Heading into 2026, the US economy is increasingly on track for a “stagflation lite” scenario: GDP growth running below the typical 2% trend while inflation remains uncomfortably high. Still, most important economic stories may lie beneath the surface, so RBC Economics explores the five main trends we expect in 2026.
Five key trends
- Stagflation lite will worsen, but the inflation story in 2026 is not just about tariffs. A confluence of factors may create an uncomfortable environment where core inflation is forecasted to stay above 3% year-over-year for most of the year.
- A “new” US consumer is emerging. It should be well appreciated by now that the US consumer is becoming increasingly fragmented.
- The labour market is losing its edge as a leading indicator. It shows tentative signs of weakening—with rising unemployment, slower hiring and sector-specific struggles—though it remains historically tight at 4.4% unemployment.
- AI is driving growth—but not productivity yet. Some are conflating the economic forces of growth with productivity. The AI boom has so far been purely an investment in infrastructure that is boosting current growth.

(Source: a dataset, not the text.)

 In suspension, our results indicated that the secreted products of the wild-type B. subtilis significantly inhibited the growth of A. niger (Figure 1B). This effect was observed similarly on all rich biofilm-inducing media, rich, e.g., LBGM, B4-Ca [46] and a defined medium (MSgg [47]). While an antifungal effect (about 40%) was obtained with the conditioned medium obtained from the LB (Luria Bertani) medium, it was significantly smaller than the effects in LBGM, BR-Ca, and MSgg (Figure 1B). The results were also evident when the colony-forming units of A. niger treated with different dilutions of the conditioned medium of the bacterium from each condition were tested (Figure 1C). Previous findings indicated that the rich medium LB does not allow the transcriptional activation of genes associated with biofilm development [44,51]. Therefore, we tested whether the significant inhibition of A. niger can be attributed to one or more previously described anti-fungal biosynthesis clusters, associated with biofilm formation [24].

- Big government will put a floor and ceiling on growth. Looking ahead, 2027 may see larger cuts to government spending, but for now, 2026 is likely to benefit from current spending.
“Structural disruptions to this economic cycle will persist as demographic forces and immigration policy play an increasingly important role in the labour market. At the same time, cyclical tariff disruptions will fade, but not without changing the way businesses and consumers behave.”